In [94]:
import cv2
import numpy as np
import time

In [110]:
cv2.__version__

'4.5.0'

# OpenCV Resize

In [95]:
img = np.random.random((2048, 2048,3)).astype(np.uint8)

## Without pre-alloc

In [96]:
resize_width = 1024
resize_height = 1024 
loop_cnt = 100000

### CPU

In [97]:
time_start = time.time() 
for _ in range(loop_cnt): 
    resize_img = cv2.resize(img, (resize_height, resize_width), interpolation=cv2.INTER_LINEAR) 
print('cpu time: {:.2f} us'.format((time.time() - time_start) * 1e6 / loop_cnt))

cpu time: 952.11 us


### GPU

In [98]:
device_img = cv2.cuda_GpuMat()

#### Upload/Dload for single GPU operation

In [99]:
time_start = time.time() 
for _ in range(loop_cnt): 
    device_img.upload(img) 
    resize_device_img = cv2.cuda.resize(device_img, (resize_height, resize_width),interpolation=cv2.INTER_LINEAR)
    resize_img = resize_device_img.download()
print('gpu time: {:.2f} us'.format((time.time() - time_start) * 1e6 / loop_cnt)) 

gpu time: 3926.30 us


#### Normal operation

In [100]:
device_img = cv2.cuda_GpuMat(img)

In [101]:
time_start = time.time() 
for _ in range(loop_cnt): 
    resize_device_img = cv2.cuda.resize(device_img, (resize_height, resize_width),interpolation=cv2.INTER_LINEAR)
print('gpu time: {:.2f} us'.format((time.time() - time_start) * 1e6 / loop_cnt)) 

gpu time: 460.10 us


## With pre-alloc

### CPU

In [102]:
resize_img = np.zeros((resize_height, resize_width,3),dtype=np.uint8)

In [103]:
time_start = time.time() 
for _ in range(loop_cnt): 
    cv2.resize(img, (resize_height, resize_width), resize_img, interpolation=cv2.INTER_LINEAR)
print('cpu time: {:.2f} us'.format((time.time() - time_start) * 1e6 / loop_cnt)) 

cpu time: 390.59 us


### GPU

In [111]:
device_img = cv2.cuda_GpuMat(img)
resize_device_img = cv2.cuda_GpuMat(resize_img)

In [112]:
time_start = time.time() 
for _ in range(loop_cnt):     
    cv2.cuda.resize(device_img, (resize_height, resize_width),resize_device_img,interpolation=cv2.INTER_LINEAR)
print('gpu time: {:.2f} us'.format((time.time() - time_start) * 1e6 / loop_cnt)) 

gpu time: 87.67 us


#### Check timer

In [106]:
%timeit cv2.cuda.resize(device_img, (resize_height, resize_width),dst=resize_device_img,interpolation=cv2.INTER_LINEAR)

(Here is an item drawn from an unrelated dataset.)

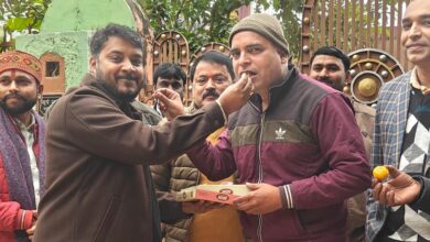 प्रशांतवीर के पिता को मिठाई खिलाकर जताई खुशी
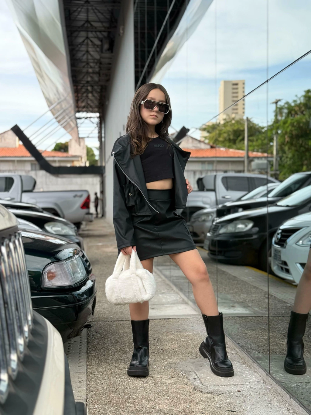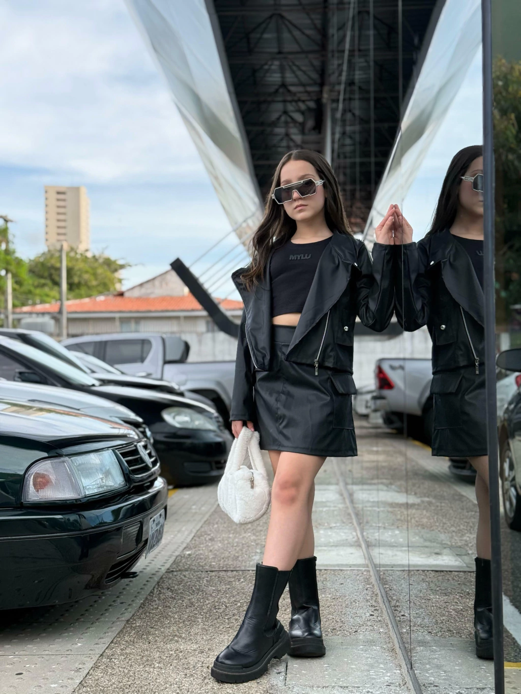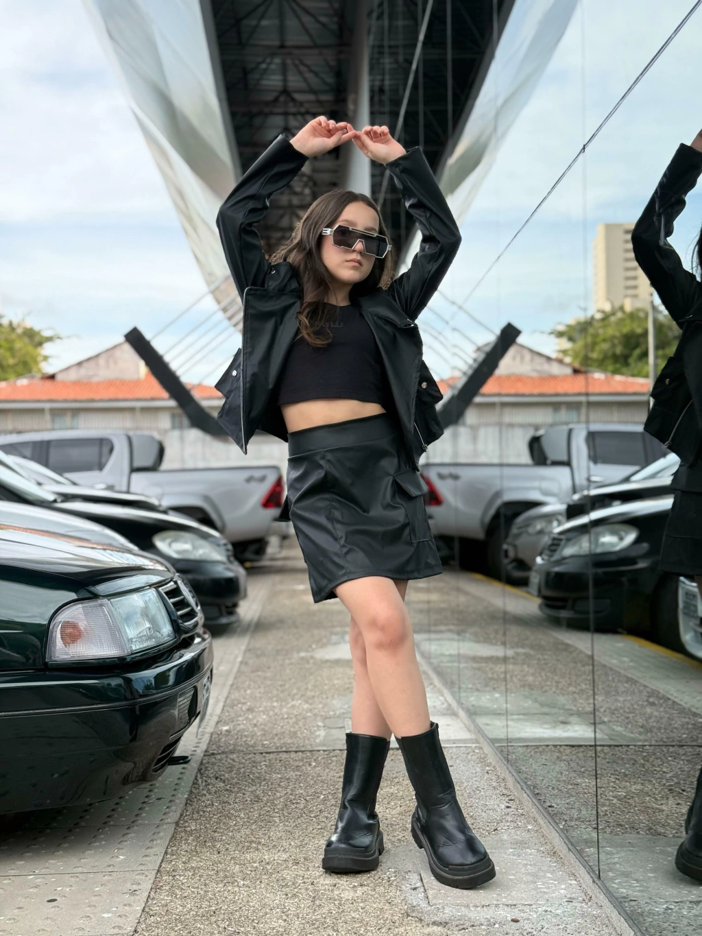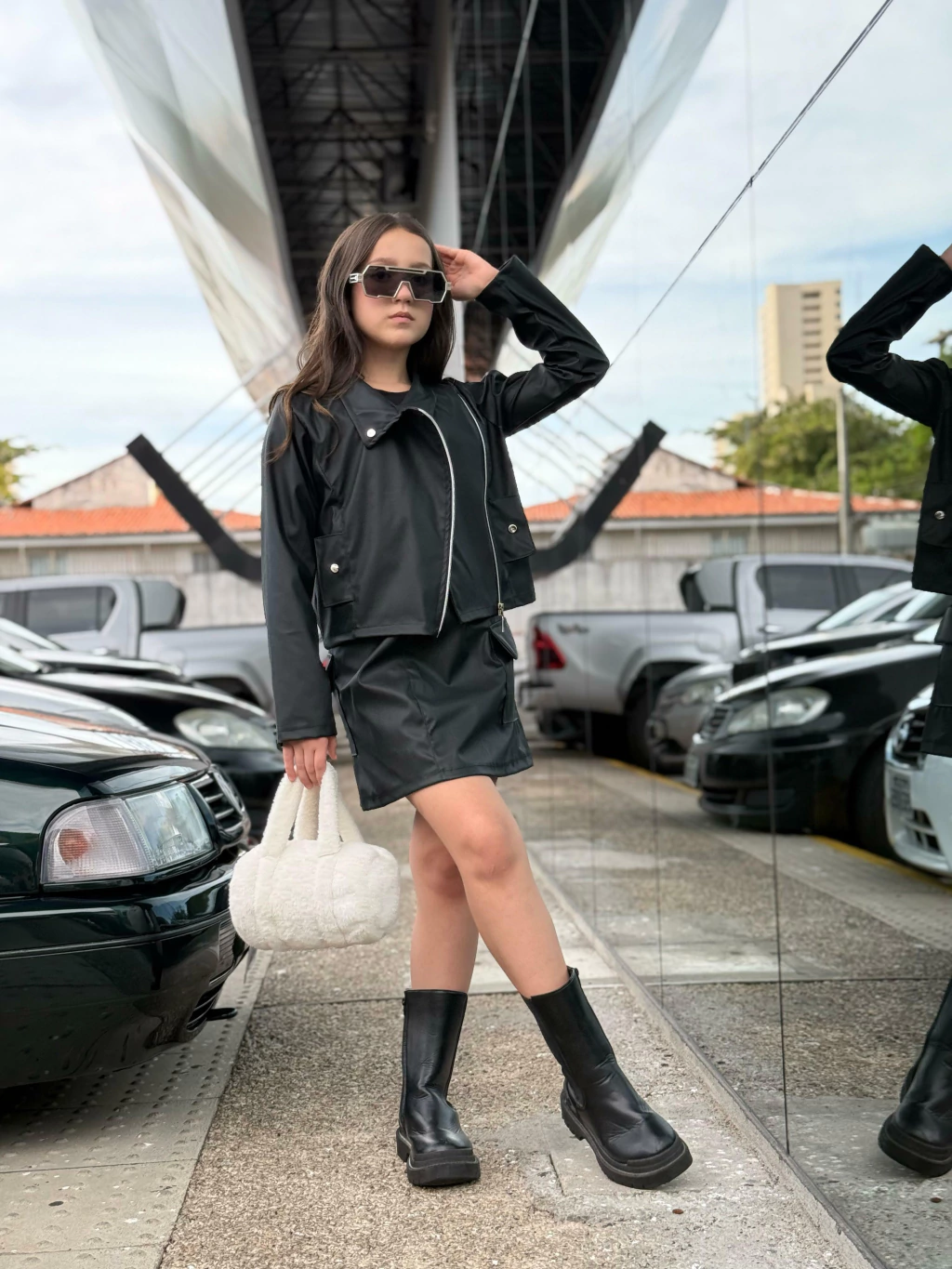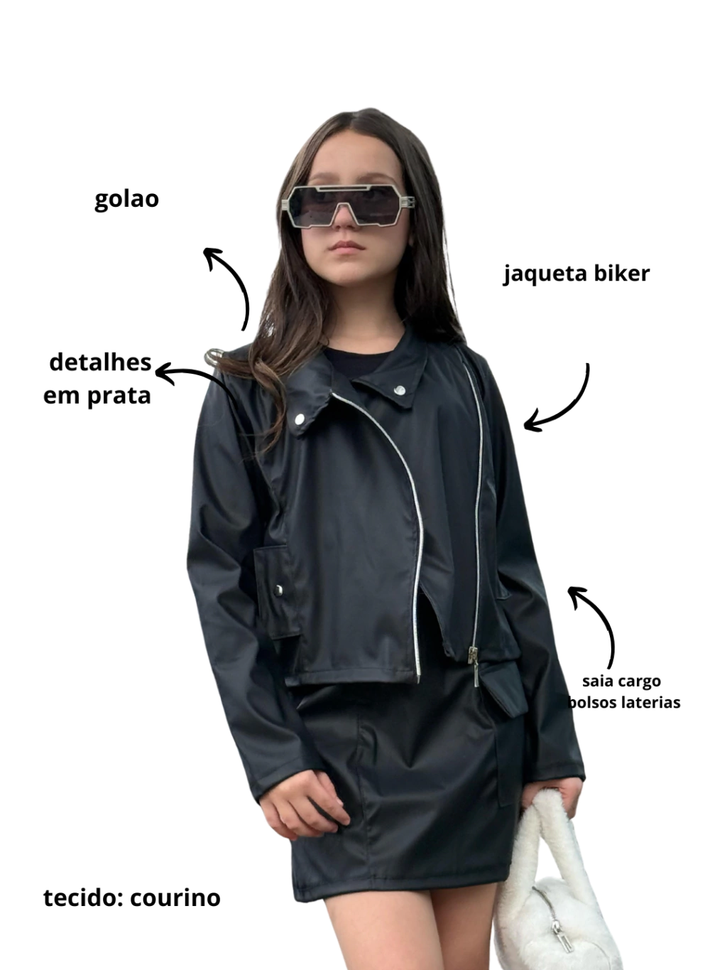 O Conjunto Sasha chegou para transformar os dias frios em passarelas de estilo! Com uma jaqueta biker de courino super fashion e uma saia cargo com bolsos laterais funcionais, essa combinação entrega personalidade, conforto e muito impacto visual. Ideal para meninas ousadas, modernas e cheias de atitude, que amam se destacar com looks poderosos no inverno!

89.9 µs ± 1.53 µs per loop (mean ± std. dev. of 7 runs, 10000 loops each)


#### Streams - unrealistic without pause, check for GPU saturation

In [107]:
stream = cv.cuda_Stream()

In [108]:
%timeit cv2.cuda.resize(device_img, (resize_height, resize_width),dst=resize_device_img,interpolation=cv2.INTER_LINEAR, stream=stream)

44.3 µs ± 377 ns per loop (mean ± std. dev. of 7 runs, 10000 loops each)